= Transvection (genetics) =

Transvection is an epigenetic phenomenon that results from an interaction between an allele on one chromosome and the corresponding allele on the homologous chromosome. Transvection can lead to either gene activation or repression. It can also occur between nonallelic regions of the genome as well as regions of the genome that are not transcribed.

The first observation of mitotic (i.e. non-meiotic) chromosome pairing was discovered via microscopy in 1908 by Nettie Stevens. Edward B. Lewis at Caltech discovered transvection at the bithorax complex in Drosophila in the 1950s. Since then, transvection has been observed at a number of additional loci in Drosophila, including the genes known as white, decapentaplegic, eyes absent, vestigial, and yellow.
 As defined by Lewis, "Operationally, transvection is occurring if the phenotype of a given genotype can be altered solely by disruption of somatic (or meiotic) pairing. Such disruption can generally be accomplished by introduction of a heterozygous rearrangement that disrupts pairing in the relevant region but has no position effect of its own on the phenotype" (cited by Ting Wu and Jim Morris, 1999). Recently, pairing-mediated phenomena have been observed in species other than Drosophila, including mice, humans, plants, nematodes, insects, and fungi. In light of these findings, transvection may represent a potent and widespread form of gene regulation.

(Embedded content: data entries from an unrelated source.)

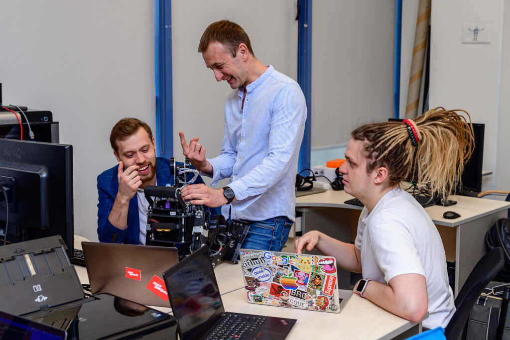 В финале наша команда встретилась с иранской MRL-HSL. Иранские роботы бегали гораздо быстрее, но при этом чаще падали. Также сила удара была на стороне противника, так как их роботы выше и больше, большой рычаг – сильный удар. Наша команда предпочитала игру в пас, одновременно были задействованы все три робота, в то время как у соперников играл только один из роботов. Во второй половине игры у нас было 3-4 прекрасных выхода один на один. И преимущество оказалось на нашей стороне: команда МФТИ отвоевала статус Чемпиона мира по робофутболу со счетом 2:1. Трансляцию можно посмотреть на Twitch по ссылке со времени 1:06:10.
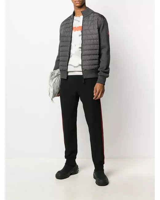 Grey high-neck padded jacket from CANADA GOOSE featuring logo patch at the sleeve, knitted construction, padded panels, ribbed-knit edge, stand-up collar, front zip fastening and long sleeves.
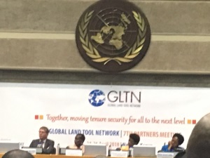 FIG Vice President participated in a panel discussion that addressed land tenure security issues for achieving sustainable development: new paradigm. She pointed out that "brilliant ideas do not come from silos"; GLTN is a diverse network and it is important that the partners have a deeper understanding of each other. The results need to be carried out both within the, now larger, network, and to a wider audience.
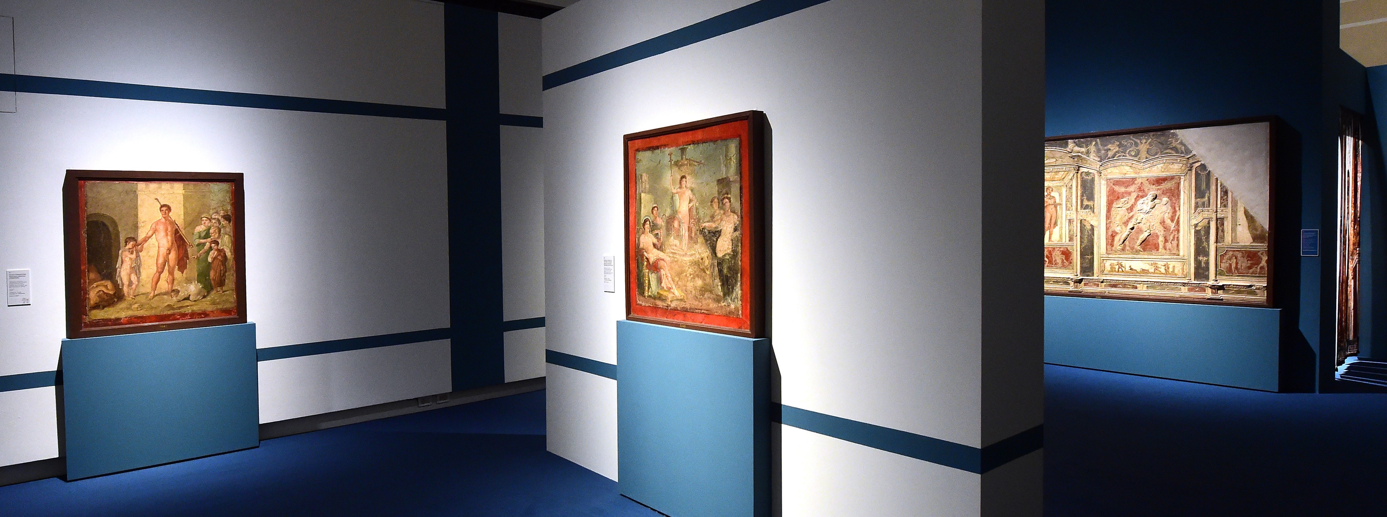A Bologna, per la prima volta, viene esposto un corpus di straordinari esempi di pittura romana provenienti da quelle domus celebri proprio per la bellezza delle loro decorazioni parietali, dalle quali spesso assumono anche il nome con cui sono conosciute. Capolavori - solo per citarne alcuni - dalle domus del Poeta Tragico, dell'Amore punito, e dalle Ville di Fannio Sinistore a Boscoreale, e dei Papiri a Ercolano.
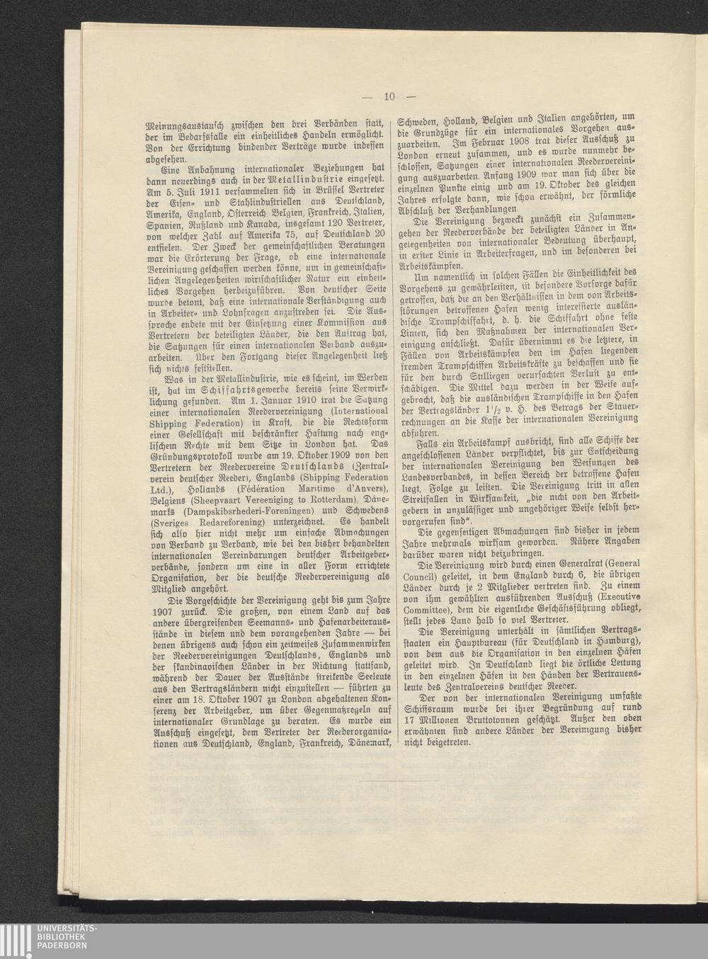 Die internationalen Beziehungen der deutschen Arbeitgeber-, Angestellten- und Arbeiterverbände / bearb. im Kaiserl. Statist. Amte, Abt. für Arbeiterstatistik
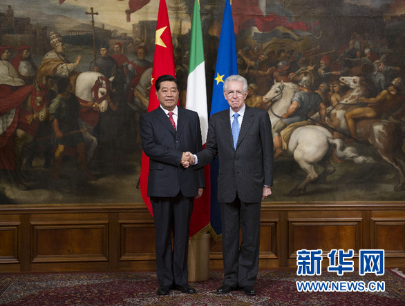 賈慶林會(huì)見意大利總理蒙蒂
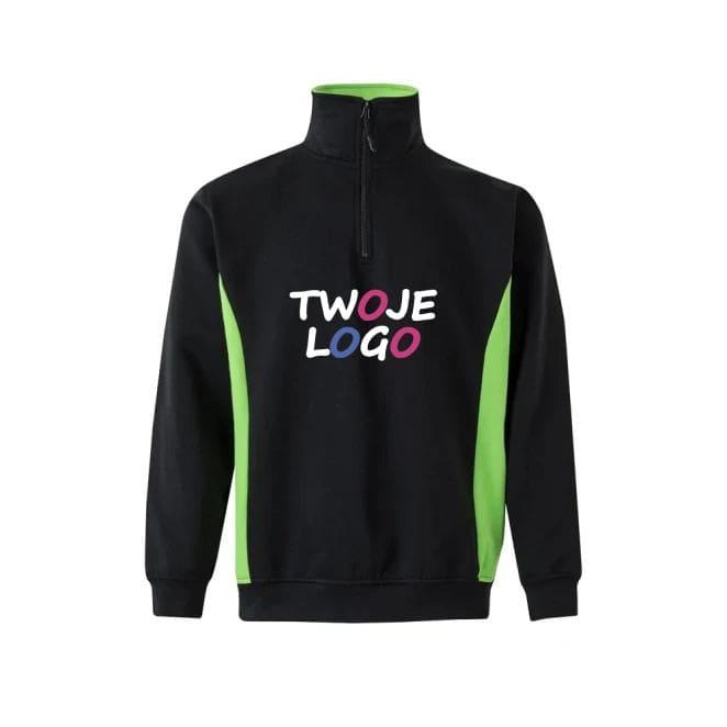 Dwukolorowa bluza polarowa (260 g/m²) z poliestru (65%) i bawełny (35%). Z wysokim kołnierzem i zamkiem błyskawicznym. Prążkowane mankiety i dół. Powłoka antypillingowa. Boki i wewnętrzna strona kołnierza w kontrastowym kolorze. Rozmiar: XS, S, M, L, XL, 2XL, 3XL

Transvection appears to be dependent upon chromosome pairing. In some cases, if one allele is placed on a different chromosome by a translocation, transvection does not occur. Transvection can sometimes be restored in a translocation homozygote, where both alleles may once again be able to pair. Restoration of phenotype has been observed at bithorax, decapentaplegic, eyes absent, and vestigial, and with transgenes of white. In some cases, transvection between two alleles leads to intragenic complementation while disruption of transvection disrupts the complementation.

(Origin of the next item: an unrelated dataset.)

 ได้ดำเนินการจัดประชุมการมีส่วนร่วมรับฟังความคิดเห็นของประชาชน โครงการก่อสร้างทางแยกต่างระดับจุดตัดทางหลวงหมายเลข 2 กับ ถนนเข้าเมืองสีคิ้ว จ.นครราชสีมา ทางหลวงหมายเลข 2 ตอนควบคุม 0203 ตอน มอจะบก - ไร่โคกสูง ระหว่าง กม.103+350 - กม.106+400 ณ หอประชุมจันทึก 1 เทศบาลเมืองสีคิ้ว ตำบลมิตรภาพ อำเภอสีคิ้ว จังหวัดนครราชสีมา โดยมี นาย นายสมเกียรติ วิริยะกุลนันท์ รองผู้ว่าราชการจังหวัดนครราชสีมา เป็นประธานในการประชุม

Transvection is believed to occur through a variety of mechanisms. In one mechanism, the enhancers of one allele activate the promoter of a paired second allele. Other mechanisms include pairing-sensitive silencing and enhancer bypass of a chromatin insulator through pairing-mediated changes in gene structure.

The physiological relevance of transvection has recently been documented in the context of sex-biased gene expression. In Drosophila, transvection acts on the female X-linked gene yellow, which is homozygous in females (XX) versus hemizygous in males (XY).